EXTRACTED MATERIAL: Begin

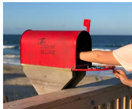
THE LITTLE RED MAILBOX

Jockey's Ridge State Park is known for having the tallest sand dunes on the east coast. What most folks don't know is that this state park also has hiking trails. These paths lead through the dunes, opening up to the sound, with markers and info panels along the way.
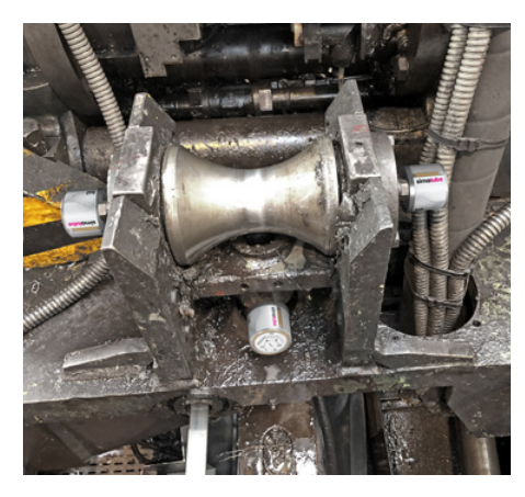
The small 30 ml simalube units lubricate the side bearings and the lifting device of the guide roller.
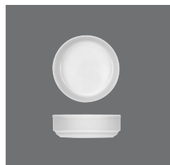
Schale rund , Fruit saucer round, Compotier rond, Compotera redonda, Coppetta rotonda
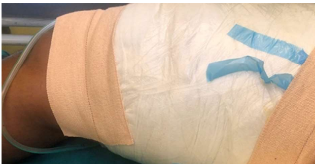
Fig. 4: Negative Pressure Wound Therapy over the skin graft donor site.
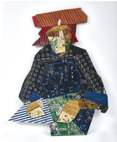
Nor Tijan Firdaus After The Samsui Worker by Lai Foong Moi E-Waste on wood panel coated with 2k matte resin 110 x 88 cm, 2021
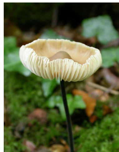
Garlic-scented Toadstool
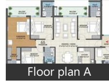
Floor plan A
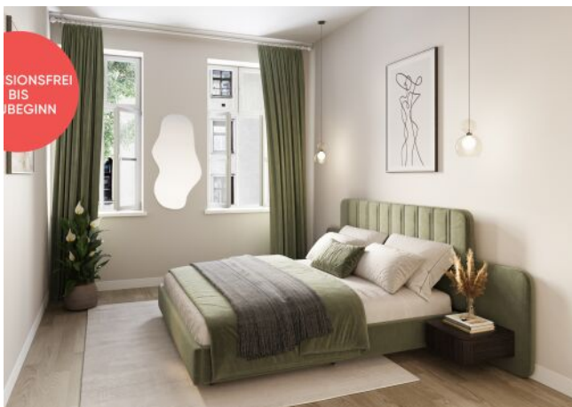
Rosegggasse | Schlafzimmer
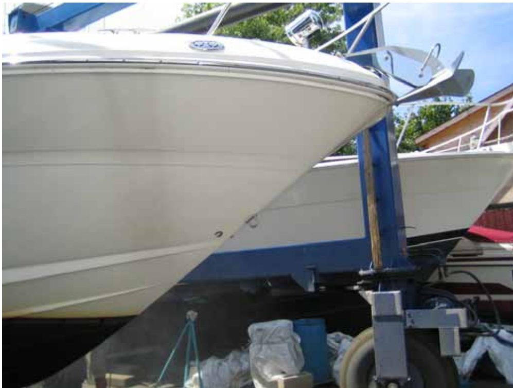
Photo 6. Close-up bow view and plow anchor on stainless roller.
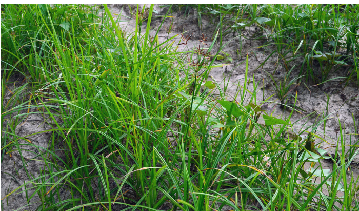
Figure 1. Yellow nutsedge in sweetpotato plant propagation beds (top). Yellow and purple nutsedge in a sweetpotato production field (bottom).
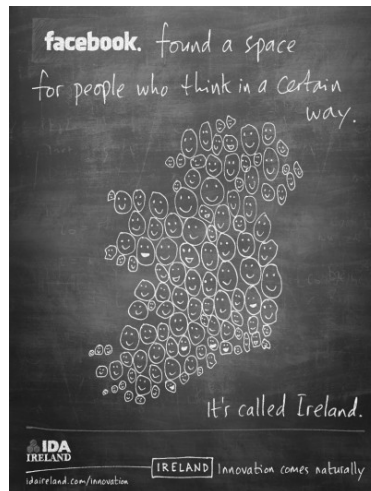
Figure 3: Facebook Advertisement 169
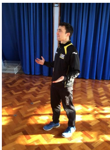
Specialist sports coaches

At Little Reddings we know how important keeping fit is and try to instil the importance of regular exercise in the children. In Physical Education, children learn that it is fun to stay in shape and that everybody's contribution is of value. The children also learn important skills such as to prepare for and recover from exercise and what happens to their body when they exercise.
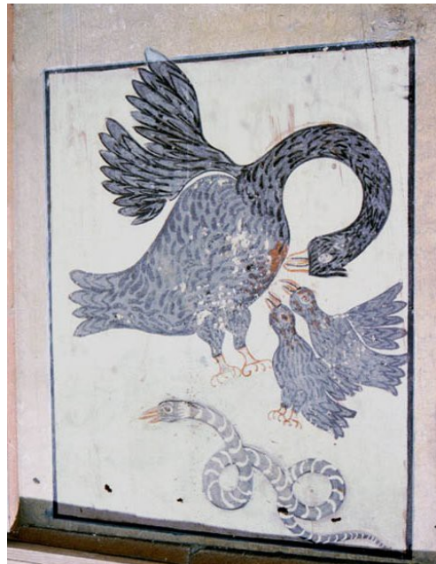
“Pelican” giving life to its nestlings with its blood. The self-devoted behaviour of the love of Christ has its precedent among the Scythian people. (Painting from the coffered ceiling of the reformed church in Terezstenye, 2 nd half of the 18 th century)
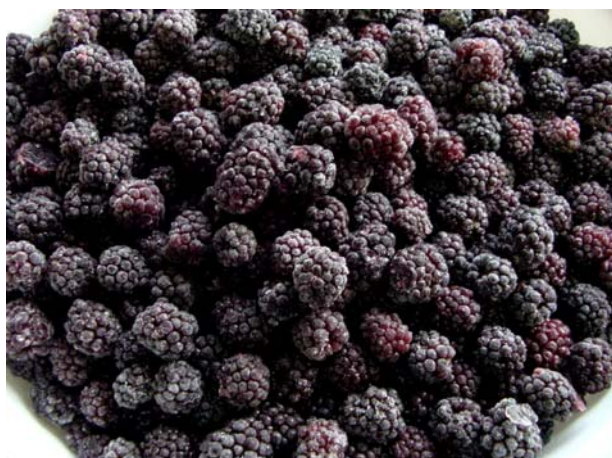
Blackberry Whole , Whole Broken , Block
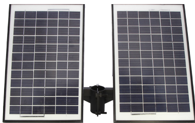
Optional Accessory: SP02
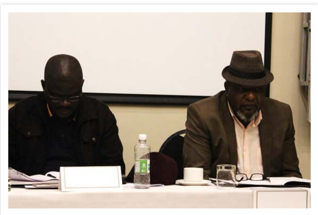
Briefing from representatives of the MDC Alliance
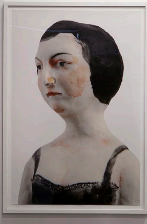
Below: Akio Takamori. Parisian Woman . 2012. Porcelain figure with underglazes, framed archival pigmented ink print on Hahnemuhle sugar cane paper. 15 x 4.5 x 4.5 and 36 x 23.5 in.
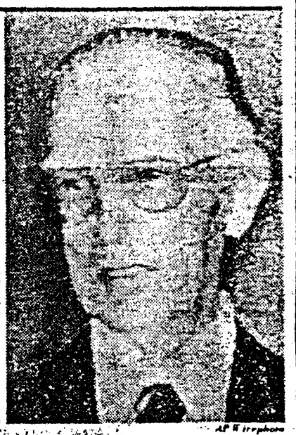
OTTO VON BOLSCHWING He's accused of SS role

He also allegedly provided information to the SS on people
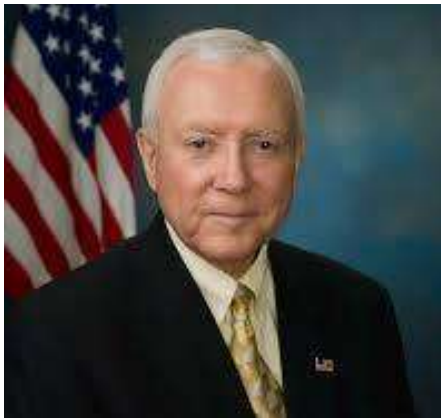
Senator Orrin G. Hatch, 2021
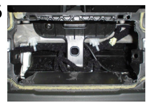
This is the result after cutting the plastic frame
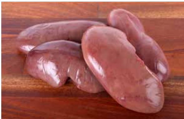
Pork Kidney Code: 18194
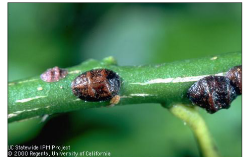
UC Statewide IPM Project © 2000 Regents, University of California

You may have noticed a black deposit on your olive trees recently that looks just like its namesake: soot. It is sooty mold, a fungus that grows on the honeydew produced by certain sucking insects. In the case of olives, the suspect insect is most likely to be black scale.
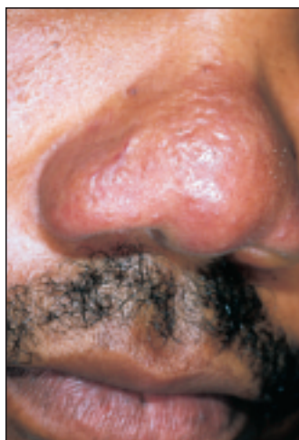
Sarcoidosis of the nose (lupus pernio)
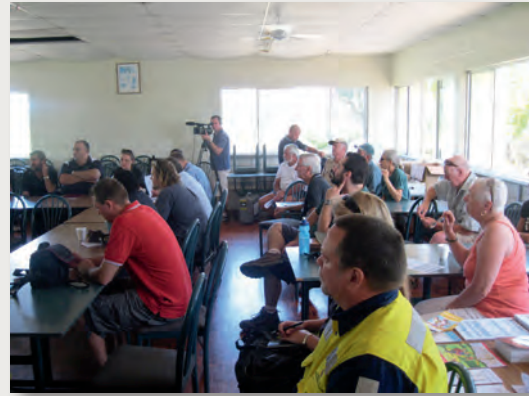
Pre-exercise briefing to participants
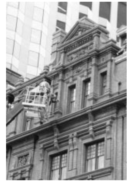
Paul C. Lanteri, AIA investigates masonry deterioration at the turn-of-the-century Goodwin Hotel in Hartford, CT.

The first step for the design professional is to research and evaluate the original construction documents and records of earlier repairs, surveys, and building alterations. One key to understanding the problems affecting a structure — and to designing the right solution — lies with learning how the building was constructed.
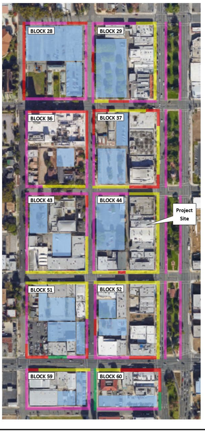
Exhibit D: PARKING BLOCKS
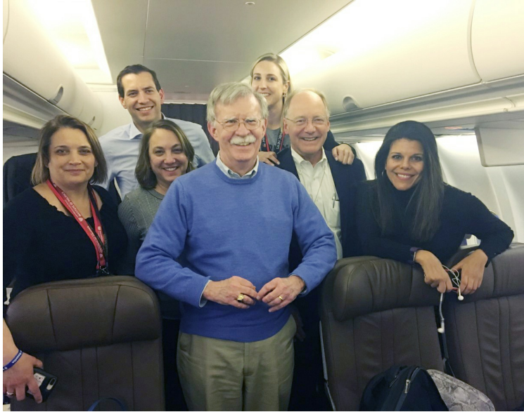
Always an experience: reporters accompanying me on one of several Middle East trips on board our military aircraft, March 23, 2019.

EXTRACTED MATERIAL: End

→ **EXERCISE DESCRIPTION**
Give again the stretch of the entries above that begins at the line with "Photo 6. Close-up" and ends at the line with "Figure 3: Facebook Advertisement 169", word for word, with no pictures.

→ **ANSWER TO THIS TASK**
Photo 6. Close-up bow view and plow anchor on stainless roller.
Figure 1. Yellow nutsedge in sweetpotato plant propagation beds (top). Yellow and purple nutsedge in a sweetpotato production field (bottom).
Figure 3: Facebook Advertisement 169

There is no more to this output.